To feel like a failure!(181 Posts)
Basically my daughter - 6, is very overweight. She is in 10- 11 year clothes and carries the most weight on her tummy, but is visible overweight all over.
She was a very skinny toddler, but her weight crept up over the years from around the age of three. I honestly don't know how I've allowed it to get this way but I'm struggling to get her weight down. I eat a healthy diet in general. But I have a love for all things sweet too. I guess I've allowed my daughter to too.

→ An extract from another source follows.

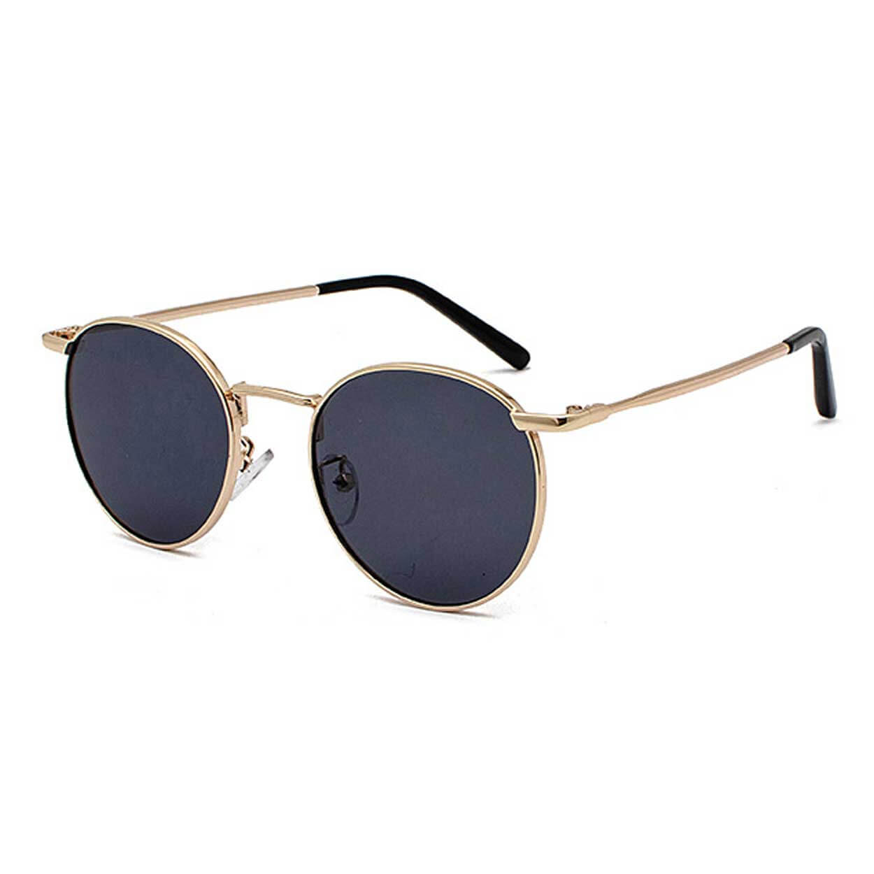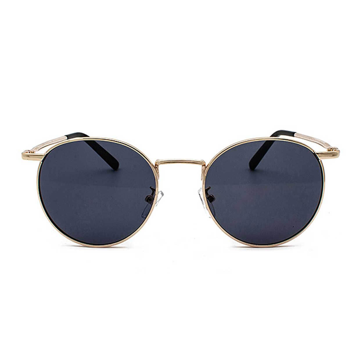 Runda solglasögon för herr med metallbåge och resinlinser. UV400-skyddet hjälper till att filtrera både UVA- och UVB-strålning och gör glasögonen lämpliga vid starkt dagsljus. Den runda linsformen ger bra täckning och ett tydligt synfält, samtidigt som den lätta konstruktionen minskar tryck över näsa och öron vid längre användning. Måtten är anpassade för vuxen passform och fungerar för vardag, pendling och utomhusaktiviteter.

She always seems to be hungry and over the past few weeks I have ensure that five days of the week she has no sweets/chocolate. at the weekends - I allow her some treats. She fills up in between meals on fruit.
Why haven't I seen a loss? I know these things are gradual, but she looks exactly the same size! I'm careful that she doesn't pick up on this, but she is already concious of her weight because she said 'I wan't a flat tummy like my friends at school" I am SO angry with myself for letting it get this bad. I know there are friends in her class that live on crap and fast foods. They are bean poles!
The types of food she eats are listed below. I never fry food or cook in grease and use healthy spread for toast.
low fat cream cheese
lots of fruit
fish fingers (yes I know!)
pasta with pesto
mcdonalds is the only fast food she would eat and that is on average a handful of times a year.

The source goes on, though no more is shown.